◆ **Instructions to follow**
Would you repeat word for word the lines of the listing that follows, from the one with "शनिबार एक प्रेस" up to and including the one with "真夏の太陽の下で、元気いっぱ", and leave out the images?

◆ **Given data**
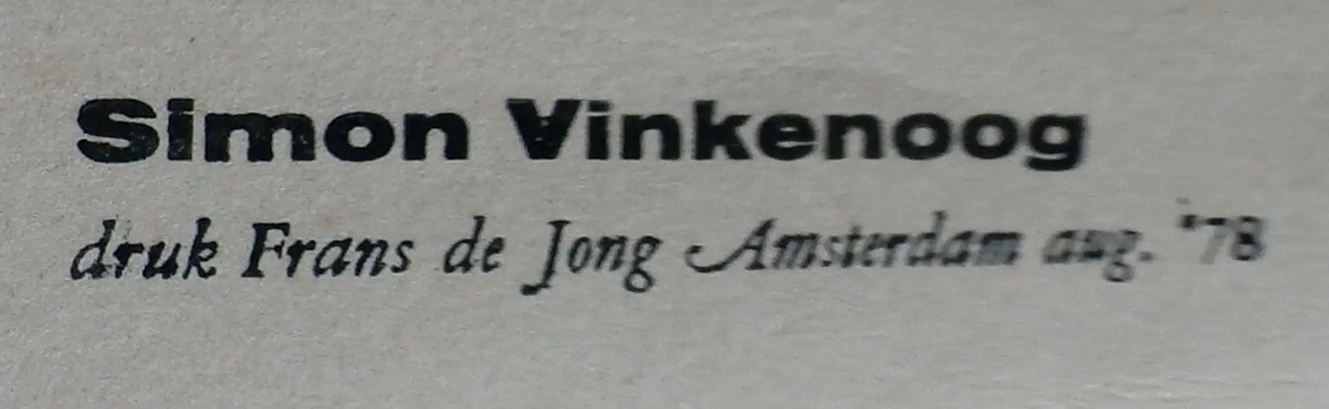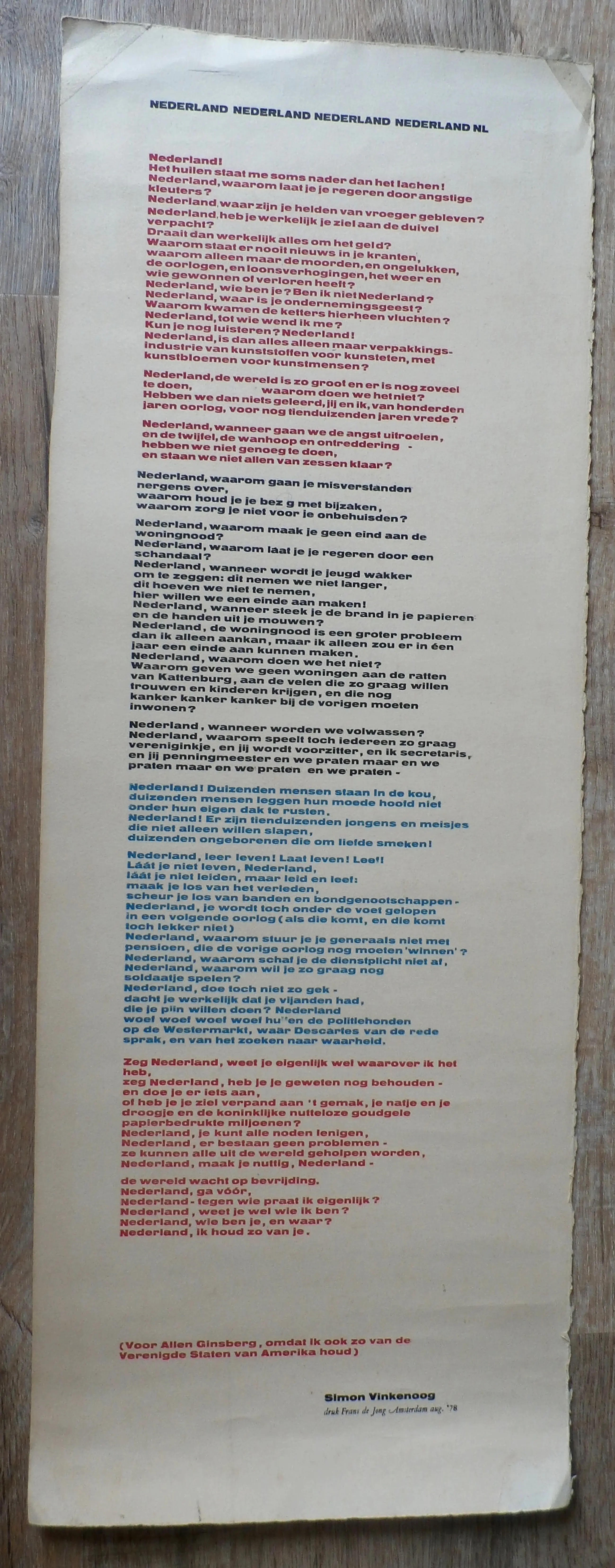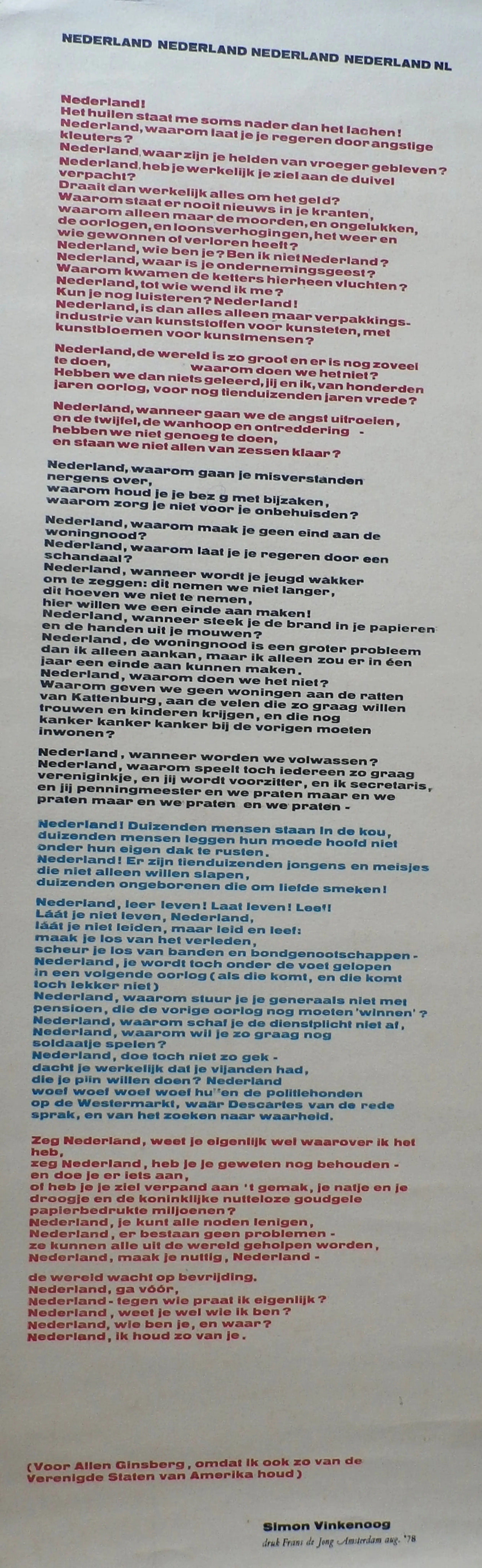 Gedicht van Simon Vinkenoog. Druk: Frans de Jong. Amsterdam, augustus 1978. Afmetingen blad: H76 x b28.5 cm. Het gedicht is niet gesigneerd.
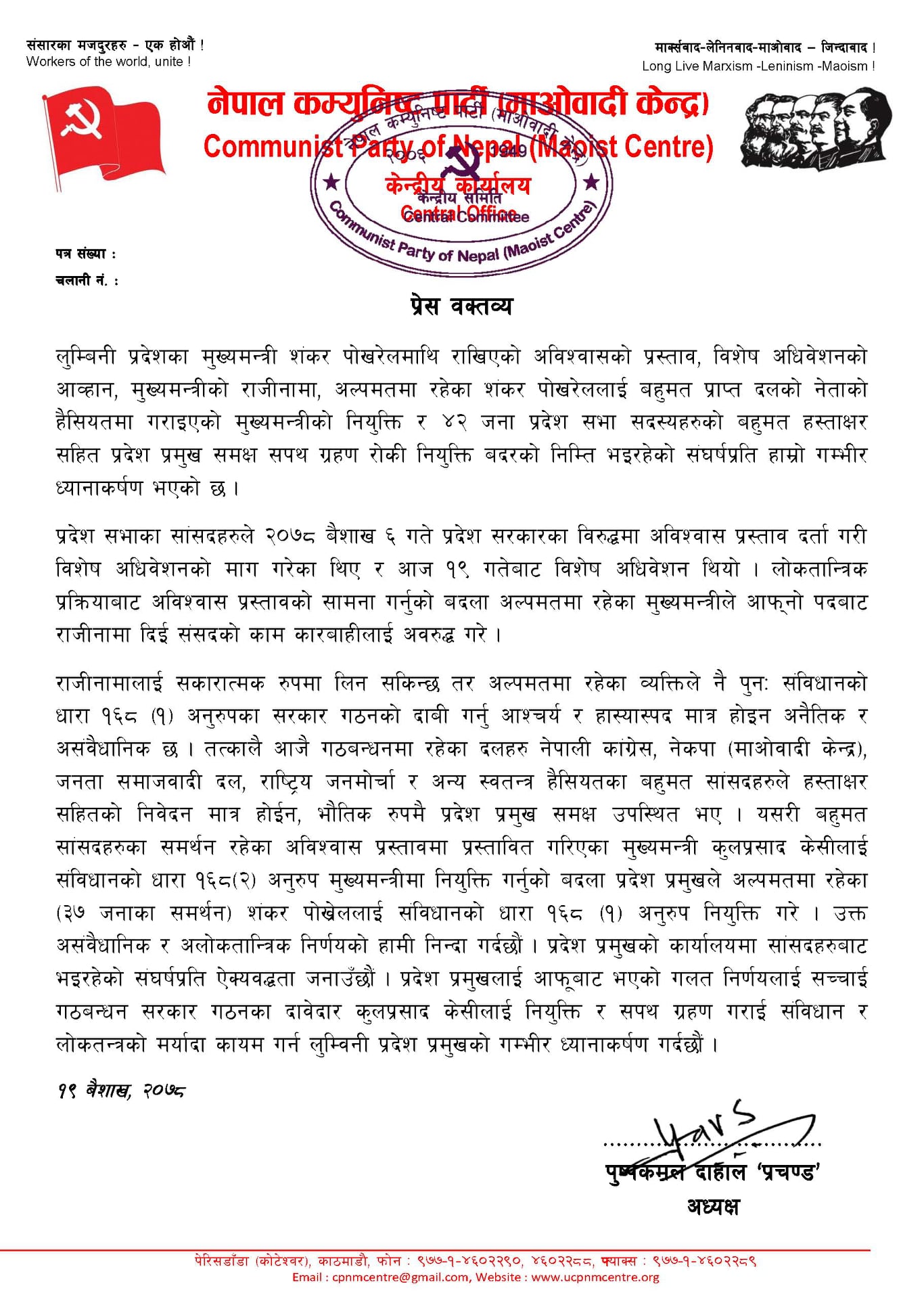शनिबार एक प्रेस वक्तव्य जारी गरि प्रचण्डले प्रदेश प्रमुखलाई आफूबाट भएको गलत निर्णयलाई सच्चाई गठबन्धन सरकार गठनका दावेदार कुलप्रसाद केसीलाई नियुक्ति र सपथ ग्रहण गराई संविधान र लोकतन्त्रको मर्यादा कायम गर्न ध्यानाकर्षण गराएका हुन् ।
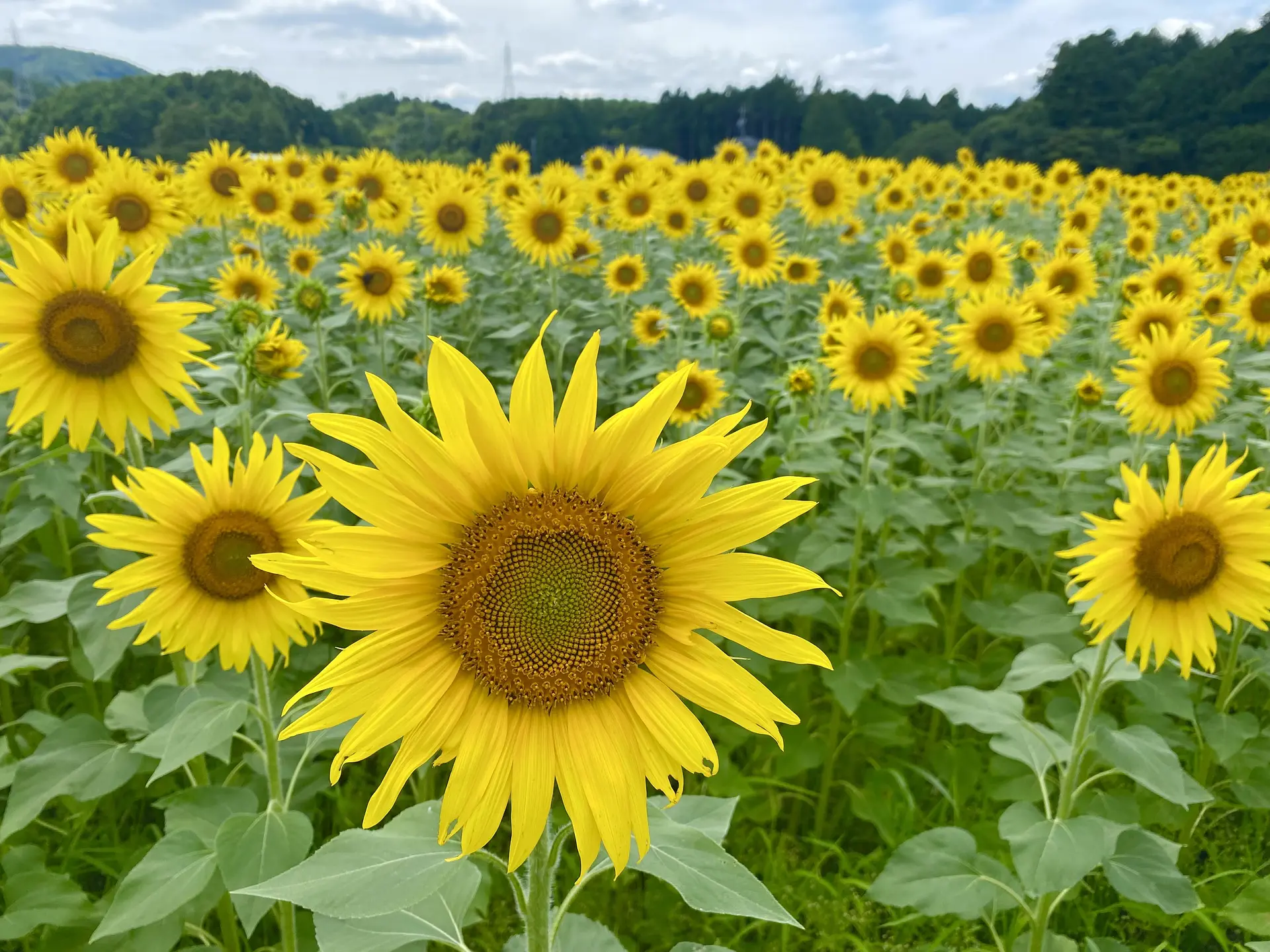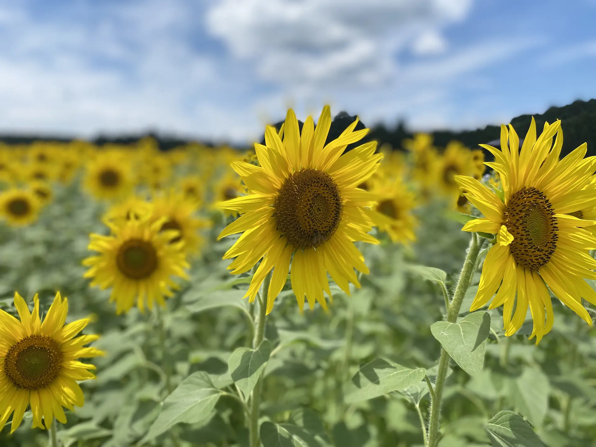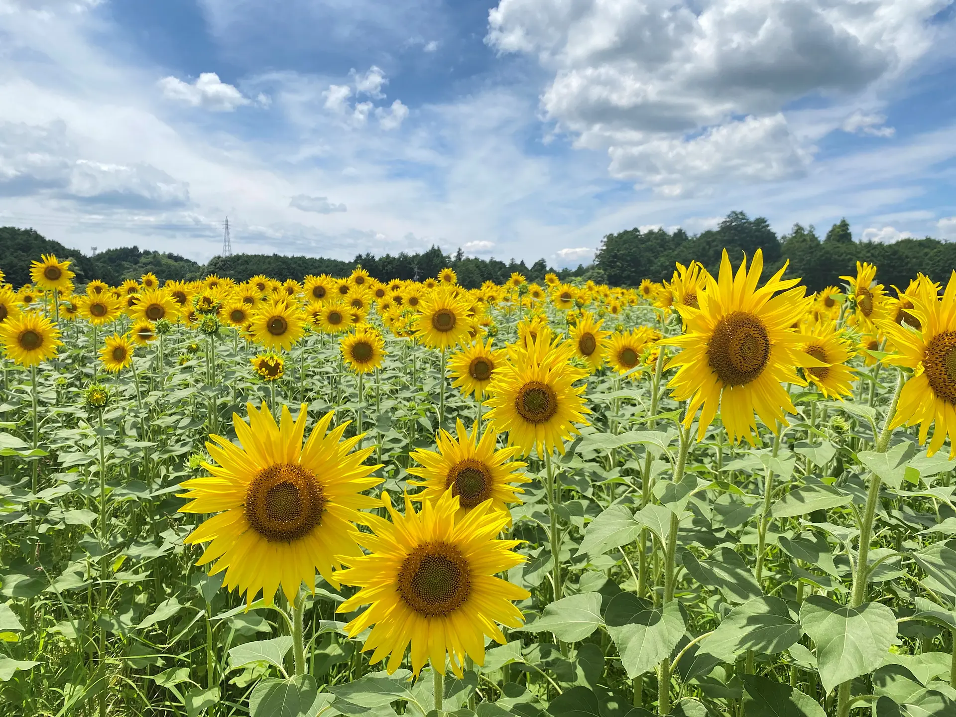真夏の太陽の下で、元気いっぱい花を咲かせるひまわりの花🌻。一斉に咲く黄色いひまわりを見ていると、自然と元気がもらえて、思わず笑顔に!
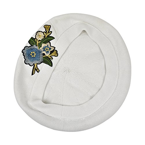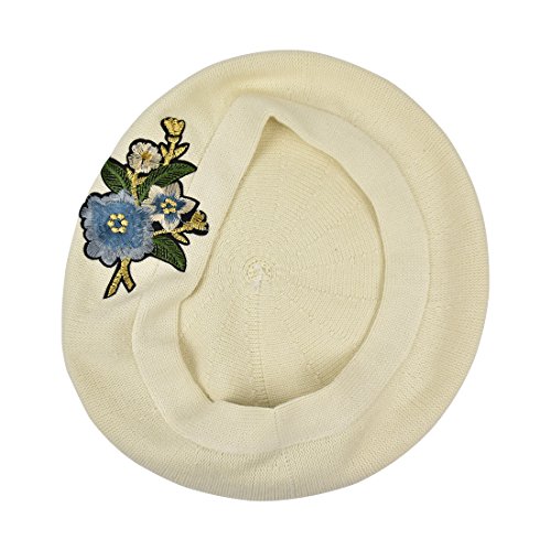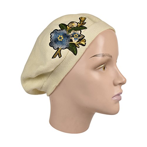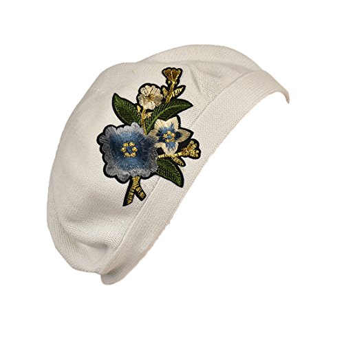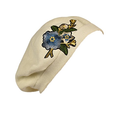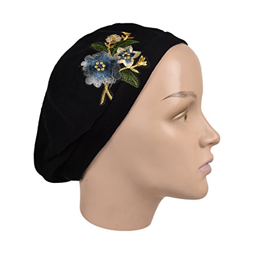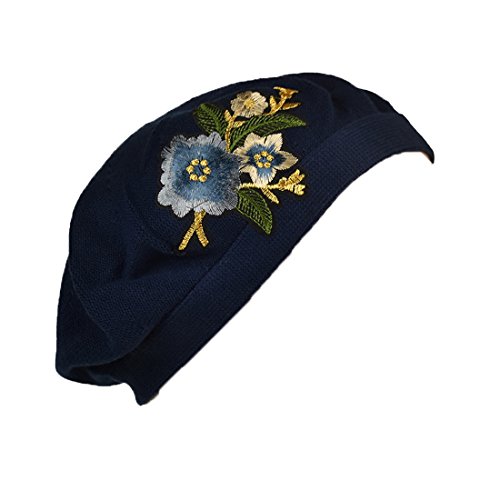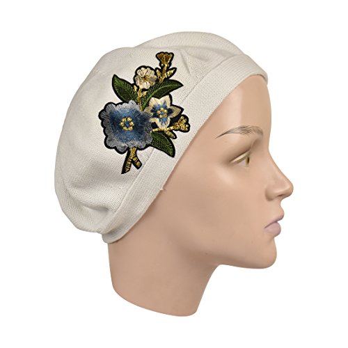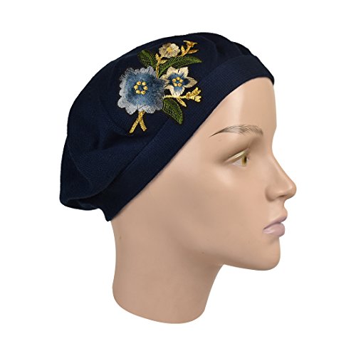 Studio : Landana Headscarves Publisher : Landana Headscarves Binding : Apparel Product Description This is a 100% cotton beret/tam for women. There is a pretty blue flower bouquet applique which adds subtle beauty to this beret hat and looks great on! It is cool and comfortable and has a flat band edge. The beret has a 10 inch diameter when laid flat with a 31 inch circumference, and the breathable cotton knit makes for comfortable wearing all day. This beret will serve you well, whether it's for style, modesty, or cancer, alopecia, or medical hair loss. Look great in this hat from Landana! 0

◆ **Expected answer**
शनिबार एक प्रेस वक्तव्य जारी गरि प्रचण्डले प्रदेश प्रमुखलाई आफूबाट भएको गलत निर्णयलाई सच्चाई गठबन्धन सरकार गठनका दावेदार कुलप्रसाद केसीलाई नियुक्ति र सपथ ग्रहण गराई संविधान र लोकतन्त्रको मर्यादा कायम गर्न ध्यानाकर्षण गराएका हुन् ।
真夏の太陽の下で、元気いっぱい花を咲かせるひまわりの花🌻。一斉に咲く黄色いひまわりを見ていると、自然と元気がもらえて、思わず笑顔に!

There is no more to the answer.